» Collected material
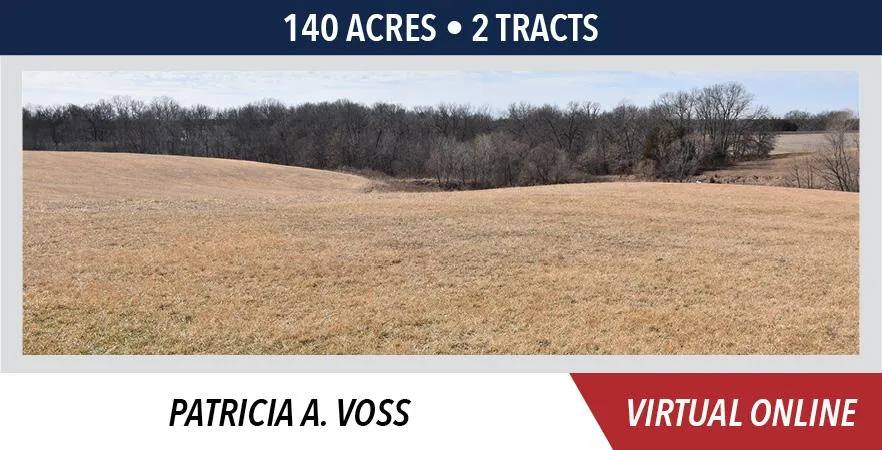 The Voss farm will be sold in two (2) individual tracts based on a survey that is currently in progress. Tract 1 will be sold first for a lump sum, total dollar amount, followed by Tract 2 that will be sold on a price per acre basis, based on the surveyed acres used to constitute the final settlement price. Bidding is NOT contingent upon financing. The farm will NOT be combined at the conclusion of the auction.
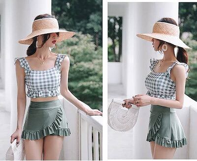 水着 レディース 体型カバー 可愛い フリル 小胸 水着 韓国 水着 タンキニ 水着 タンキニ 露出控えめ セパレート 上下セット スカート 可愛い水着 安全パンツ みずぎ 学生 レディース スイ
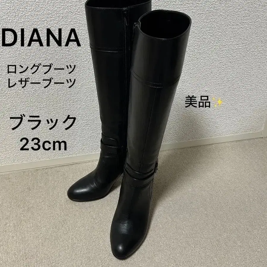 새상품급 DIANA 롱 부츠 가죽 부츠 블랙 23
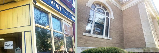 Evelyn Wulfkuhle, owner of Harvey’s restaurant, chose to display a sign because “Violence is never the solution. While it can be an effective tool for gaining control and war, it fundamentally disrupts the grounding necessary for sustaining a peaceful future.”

» Directions
Leave out all pictures, then copy the remaining material exactly.

» Answer box
 The Voss farm will be sold in two (2) individual tracts based on a survey that is currently in progress. Tract 1 will be sold first for a lump sum, total dollar amount, followed by Tract 2 that will be sold on a price per acre basis, based on the surveyed acres used to constitute the final settlement price. Bidding is NOT contingent upon financing. The farm will NOT be combined at the conclusion of the auction.
 水着 レディース 体型カバー 可愛い フリル 小胸 水着 韓国 水着 タンキニ 水着 タンキニ 露出控えめ セパレート 上下セット スカート 可愛い水着 安全パンツ みずぎ 学生 レディース スイ
 새상품급 DIANA 롱 부츠 가죽 부츠 블랙 23
 Evelyn Wulfkuhle, owner of Harvey’s restaurant, chose to display a sign because “Violence is never the solution. While it can be an effective tool for gaining control and war, it fundamentally disrupts the grounding necessary for sustaining a peaceful future.”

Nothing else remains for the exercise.